→ **Work request**
Write out exactly the lines below starting at the one containing "Komplet 2-częściowy z" and ending at the one containing "整体来看,卡芙卡是个星魂战士". Omit every picture.

→ **Data to process**
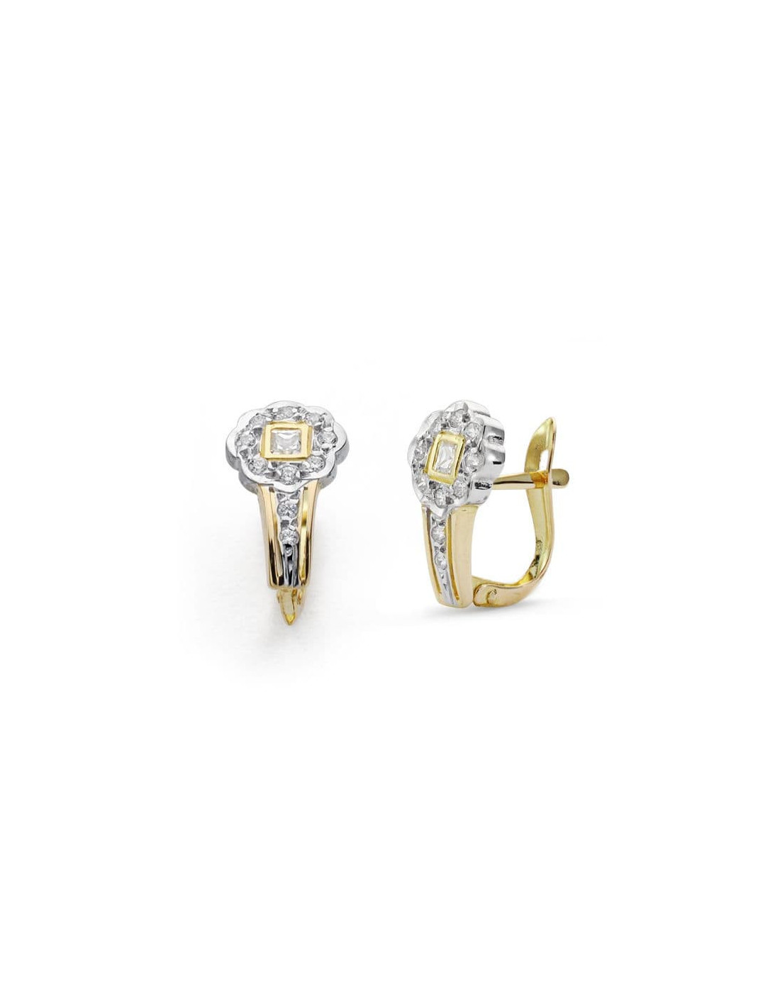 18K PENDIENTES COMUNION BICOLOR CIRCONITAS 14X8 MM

...

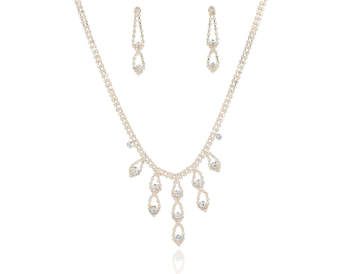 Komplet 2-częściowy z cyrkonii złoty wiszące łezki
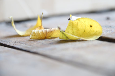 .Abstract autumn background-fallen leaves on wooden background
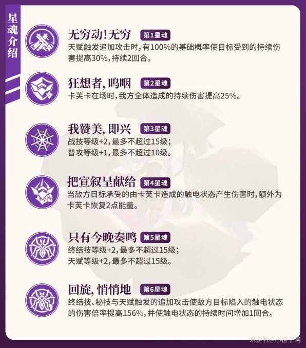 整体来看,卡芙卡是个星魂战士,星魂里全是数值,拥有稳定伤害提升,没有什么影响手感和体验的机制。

* * *

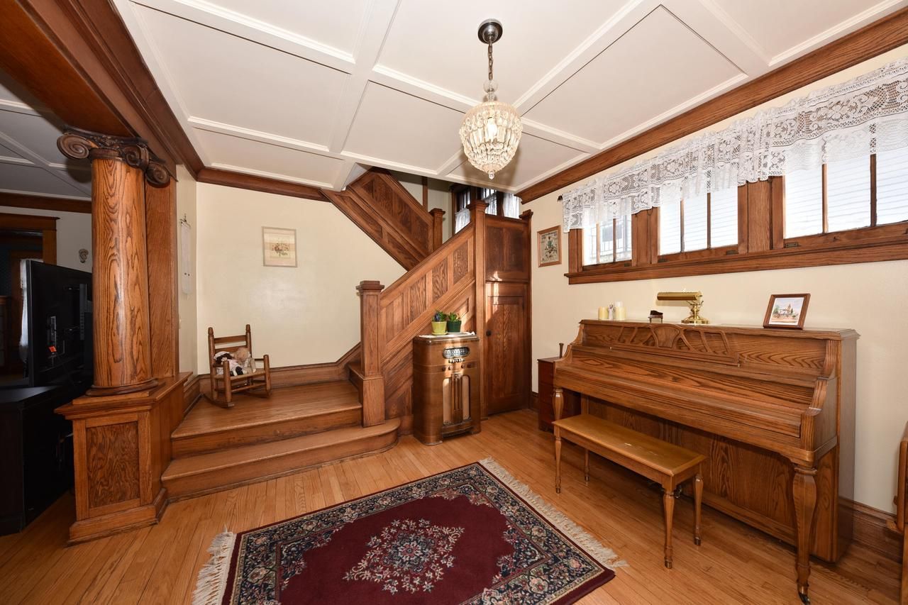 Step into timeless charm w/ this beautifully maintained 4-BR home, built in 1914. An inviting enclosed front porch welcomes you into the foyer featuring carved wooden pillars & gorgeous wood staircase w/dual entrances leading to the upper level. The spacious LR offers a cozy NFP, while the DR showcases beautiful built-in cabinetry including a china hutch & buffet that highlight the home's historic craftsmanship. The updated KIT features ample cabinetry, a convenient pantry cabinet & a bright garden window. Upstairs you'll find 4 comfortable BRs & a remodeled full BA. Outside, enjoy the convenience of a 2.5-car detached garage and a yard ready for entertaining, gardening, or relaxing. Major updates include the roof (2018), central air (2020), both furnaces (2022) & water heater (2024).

→ **Result for this task**
 Komplet 2-częściowy z cyrkonii złoty wiszące łezki
 .Abstract autumn background-fallen leaves on wooden background
 整体来看,卡芙卡是个星魂战士,星魂里全是数值,拥有稳定伤害提升,没有什么影响手感和体验的机制。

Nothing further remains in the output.